Introduction
The purpose of this assignment is to develop a linear model that can “reliably” predict a team’s number of wins (TARGET_WINS), based on a number of variables ranging from BATTING, BASERUN(ning), FIELDING, and PITCHING. Some of the variables have a positive impact on TARGET_WINS, while others have a negative impact
Data Exploration
## Observations: 2,276
## Variables: 17
## $ INDEX <int> 1, 2, 3, 4, 5, 6, 7, 8, 11, 12, 13, 15, 16, 1...
## $ TARGET_WINS <int> 39, 70, 86, 70, 82, 75, 80, 85, 86, 76, 78, 6...
## $ TEAM_BATTING_H <int> 1445, 1339, 1377, 1387, 1297, 1279, 1244, 127...
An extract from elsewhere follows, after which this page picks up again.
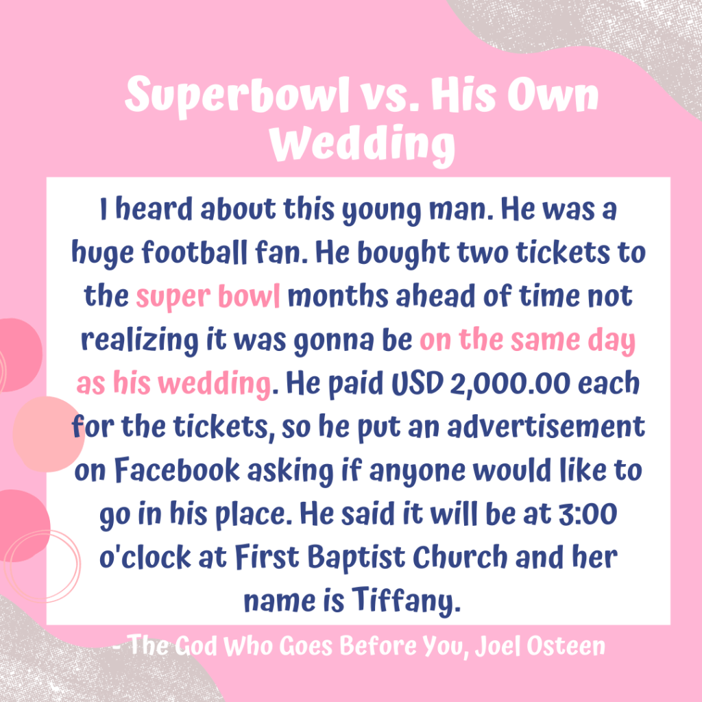 I heard about this young man. He was a huge football fan. He bought two tickets to the super bowl months ahead of time not realizing it was gonna be on the same day as his wedding. He paid USD 2,000.00 each for the tickets, so he put an add on Facebook asking if anyone would like to go in his place. He said it will be at 3:00 o’clock at First Baptist Church and her name is Tiffany. – Joel Osteen, The God Who Goes Before You
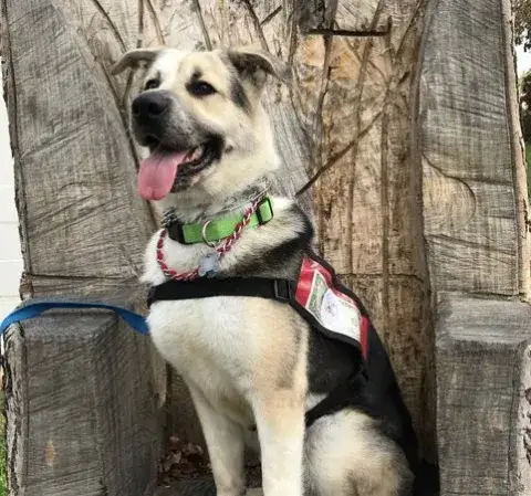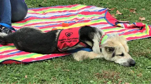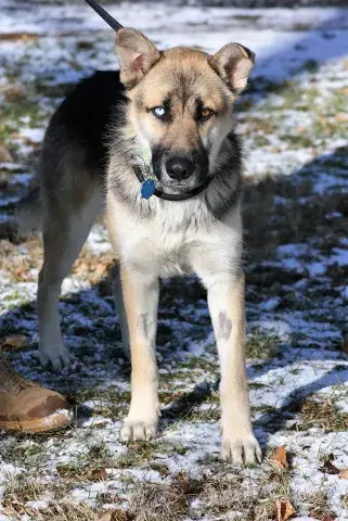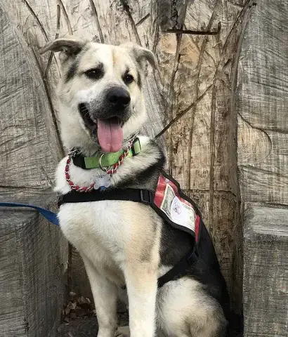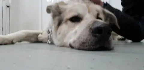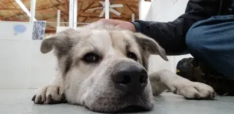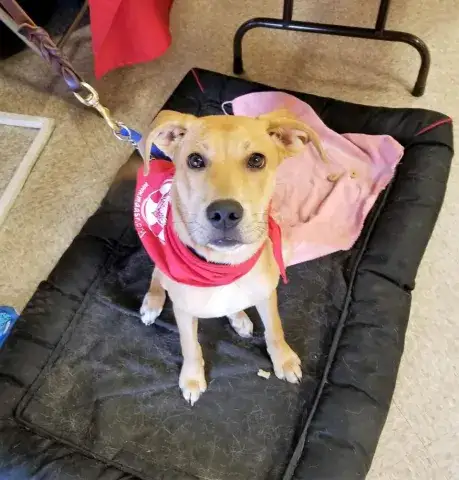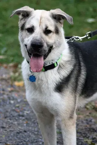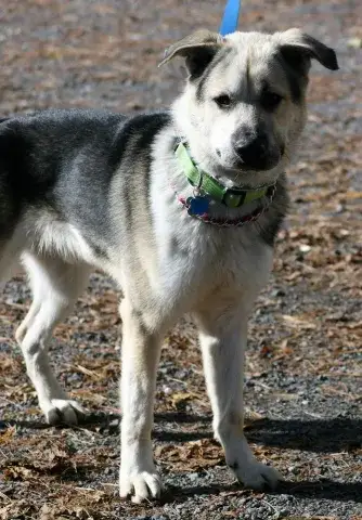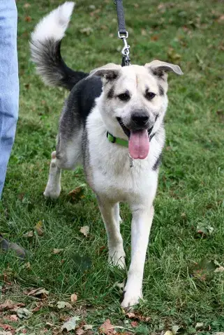 Camber was picked up by animal control running at large with Lotus, their family came for them so we have no history on him. He is a large boy at 88 lbs. He has been friendly with those he has met. He does require training as do all dogs, training helps teach what is expected of them, along with good canine manners. With a dog this large you will want him to have good leash manners also.

## $ TEAM_BATTING_2B <int> 194, 219, 232, 209, 186, 200, 179, 171, 197, ...
## $ TEAM_BATTING_3B <int> 39, 22, 35, 38, 27, 36, 54, 37, 40, 18, 27, 3...
## $ TEAM_BATTING_HR <int> 13, 190, 137, 96, 102, 92, 122, 115, 114, 96,...
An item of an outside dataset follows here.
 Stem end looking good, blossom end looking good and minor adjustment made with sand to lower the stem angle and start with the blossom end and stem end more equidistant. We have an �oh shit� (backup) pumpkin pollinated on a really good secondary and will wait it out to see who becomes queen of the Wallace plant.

## $ TEAM_BATTING_BB <int> 143, 685, 602, 451, 472, 443, 525, 456, 447, ...
## $ TEAM_BATTING_SO <int> 842, 1075, 917, 922, 920, 973, 1062, 1027, 92...
## $ TEAM_BASERUN_SB <int> NA, 37, 46, 43, 49, 107, 80, 40, 69, 72, 60, ...
## $ TEAM_BASERUN_CS <int> NA, 28, 27, 30, 39, 59, 54, 36, 27, 34, 39, 7...
## $ TEAM_BATTING_HBP <int> NA, NA, NA, NA, NA, NA, NA, NA, NA, NA, NA, N...
## $ TEAM_PITCHING_H <int> 9364, 1347, 1377, 1396, 1297, 1279, 1244, 128...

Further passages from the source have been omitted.